How AI voice cloning has opened the door to a horrific new type of phishing scam

26 Apr 2023, by Slade Baylis

In recent months we’ve covered the new language-model AI from OpenAI - called ChatGPT - and the potential implications for both cyber and job security.  We’ve also covered the history of phishing, discussing how it developed, how it works and what you can do to avoid it.  However, this month we’re looking to cover where these two technologies overlap.  New developments on the AI voice synthesis front – more specifically with “voice cloning” – are having a drastic impact on the success-rate and harm from phishing attacks.

One of the most commonly known developments with AI recently has been the creation and propagation of deepfakes.  For those not already familiar, deepfakes are synthetic media – which refers to artificially produced or modified media – where a person’s likeness in visual content is replaced with that of another.  In much the same way, voice cloning is a technique used to re-create a person’s voice by training AI systems on samples of their actual voice. 

This technology has been around for a while, though in the past it was more easy to spot and required a large amount of training data to generate a convincing voice replica.  It would take thousands of hours of source data to adequately train an AI to re-create someone’s voice – such as with public figures like podcast host Joe Rogan, which is why he was used as one of the earliest examples of this technology.  However, the most concerning development is that with newer AI models, the amount of source data required has been reduced to as little as just three seconds!
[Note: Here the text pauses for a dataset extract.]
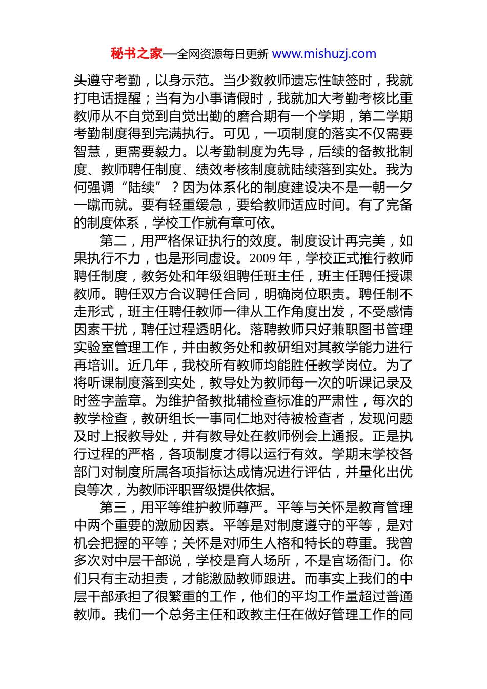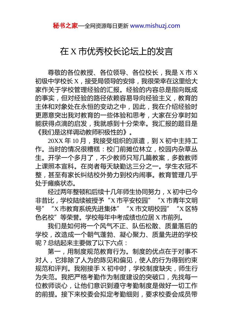 秘书之家—全网资源每日更新 www.mishuzj.com在 X 市优秀校长论坛上的发言尊敬的各位教授、各位领导、各位校长,我是 X 市 X初级中学校长 X,接受局领导的安排,我很荣幸在这里给大家作关于学校管理经验的汇报。经验的内容总是指向既成的事实,但对经验的路径依赖容易导向经验主义,教育的主体和对象处在永恒的变动之中,因此,我在介绍经验时更愿意突出我对教育的一些体验和思考,大家在分享时如能获得点滴的启发,我就感到十分荣幸。我汇报的题目是《我们是这样调动教师积极性的》。20XX 年 10 月,我接受组织的派遣,到 X 初中主持工作。当时的情况很糟糕:校门前摊位林立,校园内杂草丛生。开学一个多月了,不少教师只写几篇教案,多数教师上课照本宣科。在岗者每天缺勤达三分之一。学生衣冠不整,甚至有家长纠结校外势力到校内闹事。教育管理几乎处于瘫痪状态。经过两年整顿和后续十几年师生协同努力,X 初中已今非昔比,学校陆续被授予“X 市平安校园”“X 市青年文明号”“X 市教育系统先进集体”“X 市文明校园”“X 区特色名校”等荣誉。学校每年中考成绩也位居 X 市前列。我们是如何将一个风气不正、队伍松散、质量落后的学校,改造成一个朝气蓬勃、凝心聚力、质量先进的学校呢?总结起来主要做了以下六点:第一,用制度规范教育行为。制度的优点在于对事不对人,它排除了人为的陈见和偏见,使人的行为得到约束规范和评判。我刚接手 X 初中时,学校制度缺失,师生行为失范。我把严格考勤作为制度建设的突破口,先找每一位教师谈心,让他们意识到遵守考勤制度是做好一切工作的前提。接下来校委会拟定考勤细则,要求校委会成员带秘书之家—全网资源每日更新 www.mishuzj.com头遵守考勤,以身示范。当少数教师遗忘性缺签时,我就打电话提醒;当有为小事请假时,我就加大考勤考核比重教师从不自觉到自觉出勤的磨合期有一个学期,第二学期考勤制度得到完满执行。可见,一项制度的落实不仅需要智慧,更需要毅力。以考勤制度为先导,后续的备教批制度、教师聘任制度、绩效考核制度就陆续落到实处。我为何强调“陆续”?因为体系化的制度建设决不是一朝一夕一蹴而就。要有轻重缓急,要给教师适应时间。有了完备的制度体系,学校工作就有章可依。第二,用严格保证执行的效度。制度设计再完美,如果执行不力,也是形同虚设。2009 年,学校正式推行教师聘任制度,教务处和年级组聘任班主任,班主任聘任授课教师。聘任双方合议聘任合同,明确岗位职责。聘任制不走形式,班主任聘任教师一律从工作角度出发,不受感情因素干扰,聘任过程透明化。落聘教师只好兼职图书管理实验室管理工作,并由教务处和教研组对其教学能力进行再培训。近几年,我校所有教师均能胜任教学岗位。为了将听课制度落到实处,教导处为教师每一次的听课记录及时签字盖章。为维护备教批辅检查标准的严肃性,每次的教学检查,教研组长一事同仁地对待被检查者,发现问题及时上报教导处,并有教导处在教师例会上通报。正是执行过程的严格,各项制度才得以运行有效。学期末学校各部门对制度所属各项指标达成情况进行评估,并量化出优良等次,为教师评职晋级提供依据。第三,用平等维护教师尊严。平等与关怀是教育管理中两个重要的激励因素。平等是对制度遵守的平等,是对机会把握的平等;关怀是对师生人格和特长的尊重。我曾多次对中层干部说,学校是育人场所,不是官场衙门。你们只有主动担责,才能激励教师跟进。而事实上我们的中层干部承担了很繁重的工作,他们的平均工作量超过普通教师。我们一个总务主任和政教主任在做好管理工作的同秘书之家—全网资源每日更新 www.mishuzj.com时还担任了年级组长、班主任和两个班的教学工作。在学校里,教育管理工作不可缺少,但教师的身份不能丢,把教师的本职工作做好,就更能赢得师生的尊重。为激励广大教师,学校中层干部总是战斗在教育第一线,他们砥砺躬行,用自己的教育实绩赢得教师的尊重。我们还将这种平等和关怀渗透在日常的每一个细节中,如每周教师例会除非分管领导传达会议提要,其余中层干部与教师都平等地坐在观众席上聆听会议议题。...

A low bar to entry and more traumatic attacks – An increased risk of phishing attacks and targeted scams 

With such a low bar to clear – given that a malicious actor might only need a few seconds – the potential for enhanced phishing attacks is clear.  Potentially, even a single answered phone-call might be all they need to create a convincing replicated voice!

Currently it’s already relatively common for people to receive fake messages claiming to be from friends, family, or colleagues, requesting that they assist them in some way – either through sending them money or giving them information or access to things that they shouldn’t have.  In this concerning new world, scammers could potentially call you with the voice of that trusted family member or friend, making it even harder to know that the request is fraudulent.

This poses such a large risk that the Federal Trade Commission1 in the US has put out a consumer alert warning people to watch out for fake emergency calls from family members.  They warn that fake emergency calls that utilise voice cloning could be used to create a heightened sense of emergency in order to spur people into action and fall for their scam. 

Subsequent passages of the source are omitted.